Among the most interesting things I observe among private equity mid-market portfolio companies is that (i) the investment thesis is rarely put into practice with the portfolio company’s leadership team, and / or (ii) the plan is only done once at the beginning of the investment. Although budgeting processes can be an annual routine, strategic planning is not. This is precarious on several levels. Let’s explore some.

The places of organic and purchasing growth are basic elements of the investment thesis. Organic growth tends to drive workforce. Part of that count may be C-level and supervisor. Interestingly, that new managerial staff did not participate in the planning process that their position may have created, and as a result, they may not be reconciled to the plan. These people do not have malicious intentions. Rather, they are trapped in an “unconscious ignorance” of relevant information. Additionally, they may have knowledge of the competitive terrain that could beneficially alter the plan, whether on offense or defense.

Purchasing growth injects a different company, with a different culture, into the mix.

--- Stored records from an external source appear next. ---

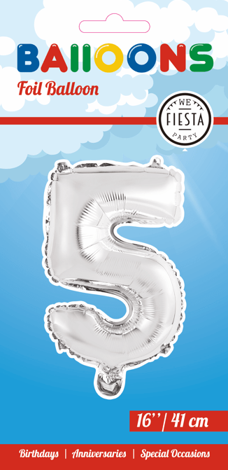 Ballon de baudruche Figure 5 Argent 41cm avec paille
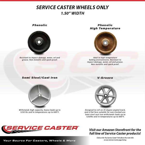 - Service Caster’s Semi Steel Cast Iron wheels come in three sizes – 3” x 1.5″, 4” x 1.5″, and 5” x 1.5″.
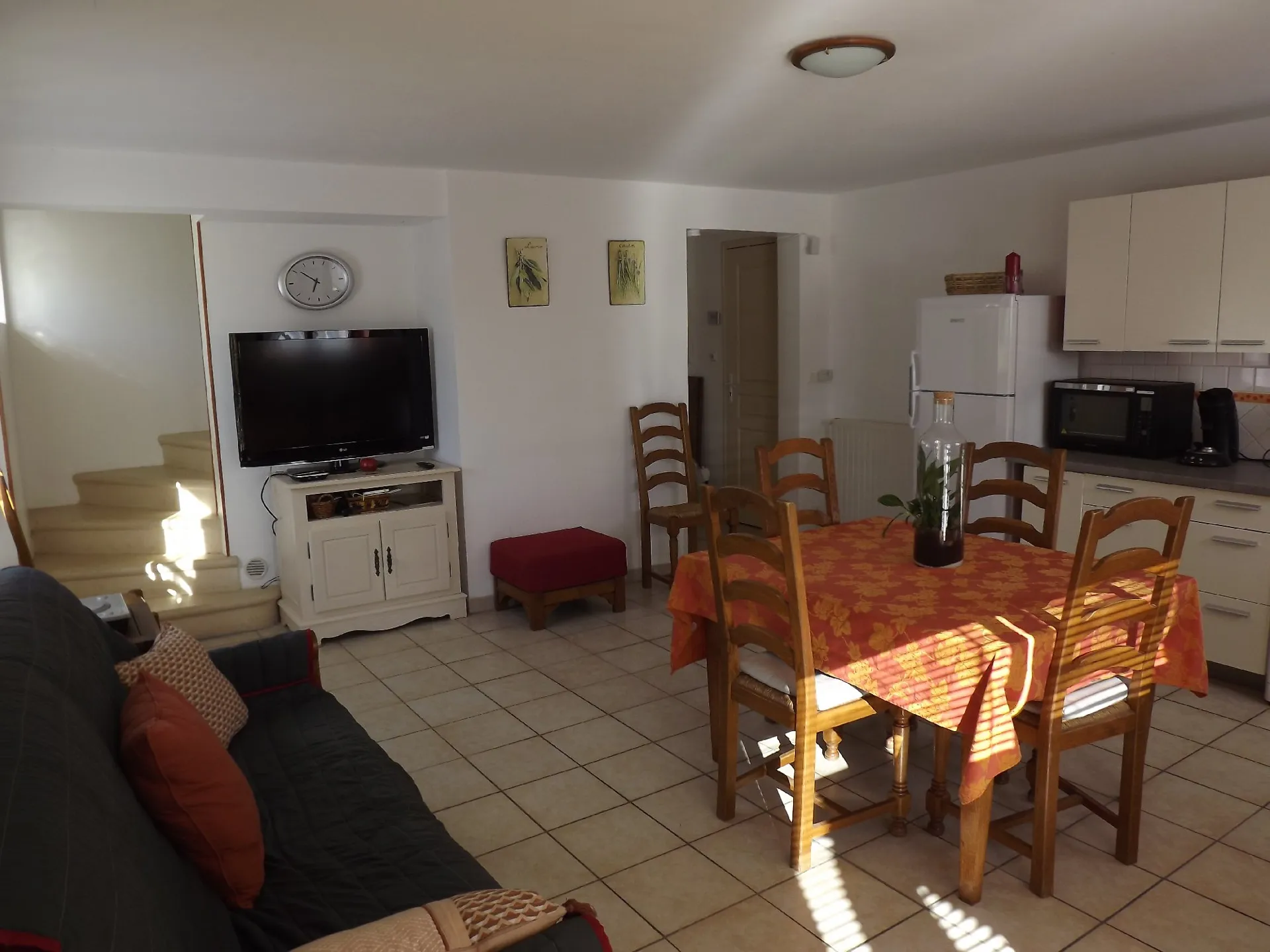 Al piano terra: soggiorno con cucina/soggiorno, WC, una camera con letto matrimoniale (140 cm) e bagno privato.
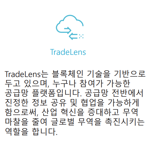 TradeLens는 블록체인 기술을 기반으로 두고 있으며, 누구나 참여가 가능한 공급망 플랫폼입니다. 공급망 전반에서 진정한 정보 공유 및 협업을 가능하게 함으로써, 산업 혁신을 증대하고 무역 마찰을 줄여 글로벌 무역을 촉진시키는 역할을 합니다.

Aside from the unpleasant odds of a successful integration, the acquired entity may (i) be unfamiliar with the granularity of the plan and / or (ii) have an execution paradigm unrelated to the logic of integration. Who reconciles the variance?

One last point is relevant to strategic intent. Leadership teams can build on strategic intent and make good tactical modifications, but they do not communicate the changes to supervisors of critical business model processes. These oversights often have unintended consequences. Examples include misdirected resources and workflow bottlenecks.

Assumption is the mother of all disasters. To make improvisation, adaptation, and self-improvement a competitive differentiator, we must embrace Patrick Lencioni’s warning about continually promoting organizational clarity. This includes metrics and communication mechanisms to promote both alignment and progress against goals. “Gunny” Tom Highway did this to make sure his company of soldiers was successful.

We start with movies. Let’s finish with a couple. Flight of the phoenix and Apollo 13 they are wonderful films that demonstrate “improvise, adapt and overcome.” On Flight of the phoenix, the strategic intention was to escape alive from an accident in the desert. The survivors built a single-engine plane from the wreckage and flew to safety. On Apollo 13, the crew, NASA and the contractors suffered a space explosion, salvaged the remaining resources to improvise a “lifeboat” and returned the crew to Earth safely. Analysts referred to the mission as a “successful failure”, with no moon landing, but no dead crew.

None of us is as smart as all of us. When the strategic intent is in the hands of trained professionals, value is created. When not, the scenario tends to look like “Who’s First?” From Abbott and Costello. Since value creation is no laughing matter, “improvise, adapt and overcome” makes a lot more sense in the mid-market.